Every record below must be retyped exactly, with the pictures left out.
--*--
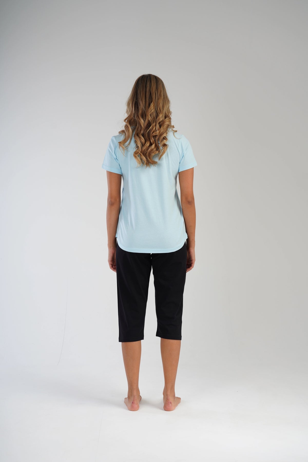 KOLOR: Bluzka: Błękitna, Spodnie: CzarneSKŁAD MATERIAŁU: 100% Bawełna
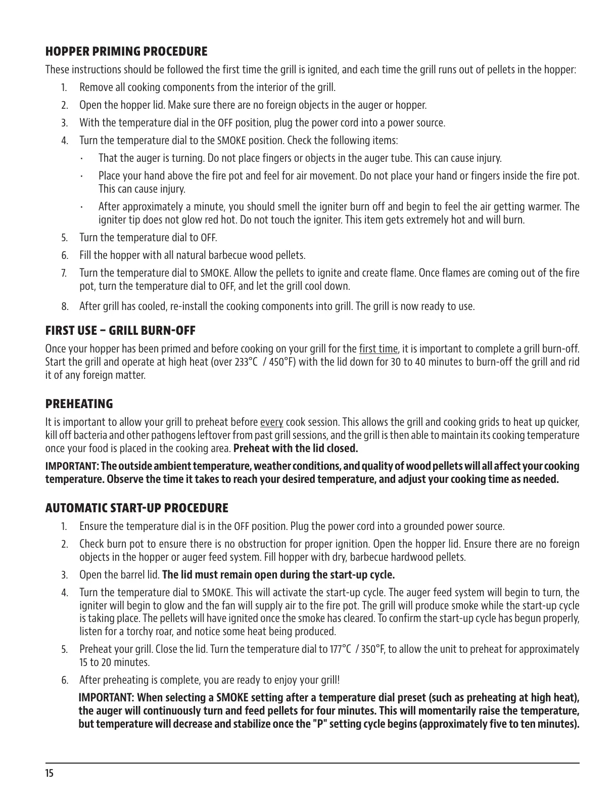 These instructions should be followed the first time the grill is ignited, and each time the grill runs out of pellets in the hopper:
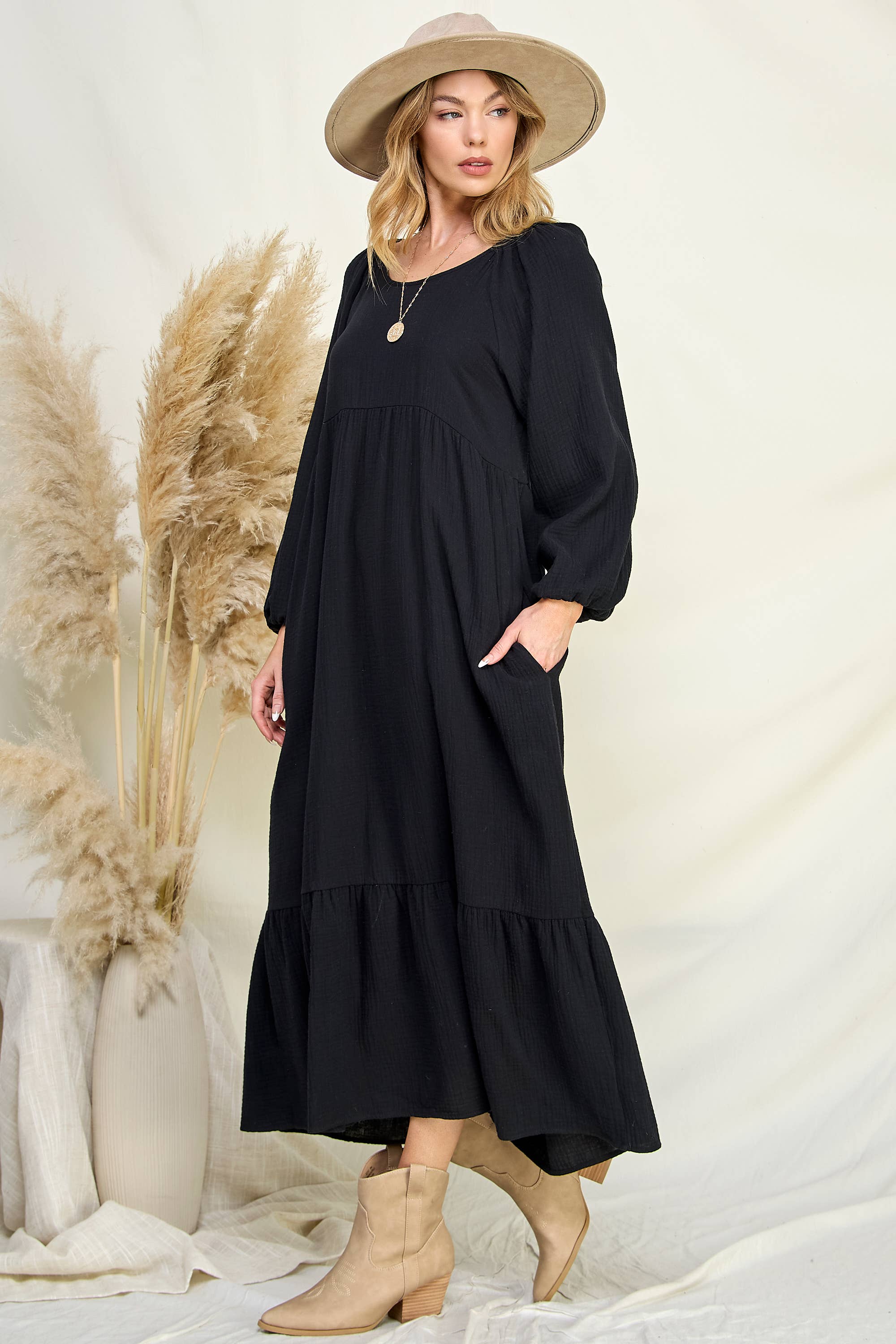 A-Line Swing Trapeze Midi Dress Plus A versatile wardrobe staple that can be dressed up with accessories and heels for a more formal occasion or dressed down with flats for a casual outing. Its stylish design and flattering silhouette make it an ideal choice for various events. - Crew Neckline - 3/4 Sleeves - A-Line Trapeze Silhouette - Midi Length - Relaxed fit - Model is 5’9” and wearing size 1XL.
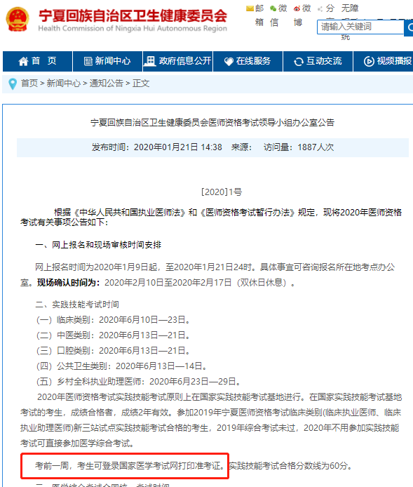 2020年醫(yī)師資格考試實踐技能考試原則上在國家實踐技能考試基地進行。在國家實踐技能考試基地考試的考生,成績合格者,成績2年有效。參加2019年寧夏醫(yī)師資格考試臨床類別(臨床執(zhí)業(yè)醫(yī)師、臨床執(zhí)業(yè)助理醫(yī)師)新三站試點實踐技能考試合格的考生,2019年綜合考試未過,2020年不用參加實踐技能考試可直接參加醫(yī)學(xué)綜合考試。
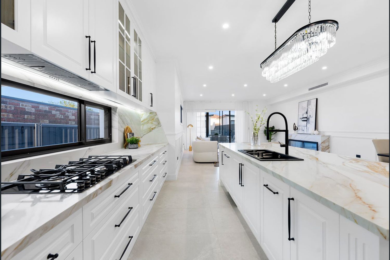 - Two gas kitchens with Calacatta stone benchtops
--*--
Written answer
 KOLOR: Bluzka: Błękitna, Spodnie: CzarneSKŁAD MATERIAŁU: 100% Bawełna
 These instructions should be followed the first time the grill is ignited, and each time the grill runs out of pellets in the hopper:
 A-Line Swing Trapeze Midi Dress Plus A versatile wardrobe staple that can be dressed up with accessories and heels for a more formal occasion or dressed down with flats for a casual outing. Its stylish design and flattering silhouette make it an ideal choice for various events. - Crew Neckline - 3/4 Sleeves - A-Line Trapeze Silhouette - Midi Length - Relaxed fit - Model is 5’9” and wearing size 1XL.
 2020年醫(yī)師資格考試實踐技能考試原則上在國家實踐技能考試基地進行。在國家實踐技能考試基地考試的考生,成績合格者,成績2年有效。參加2019年寧夏醫(yī)師資格考試臨床類別(臨床執(zhí)業(yè)醫(yī)師、臨床執(zhí)業(yè)助理醫(yī)師)新三站試點實踐技能考試合格的考生,2019年綜合考試未過,2020年不用參加實踐技能考試可直接參加醫(yī)學(xué)綜合考試。
 - Two gas kitchens with Calacatta stone benchtops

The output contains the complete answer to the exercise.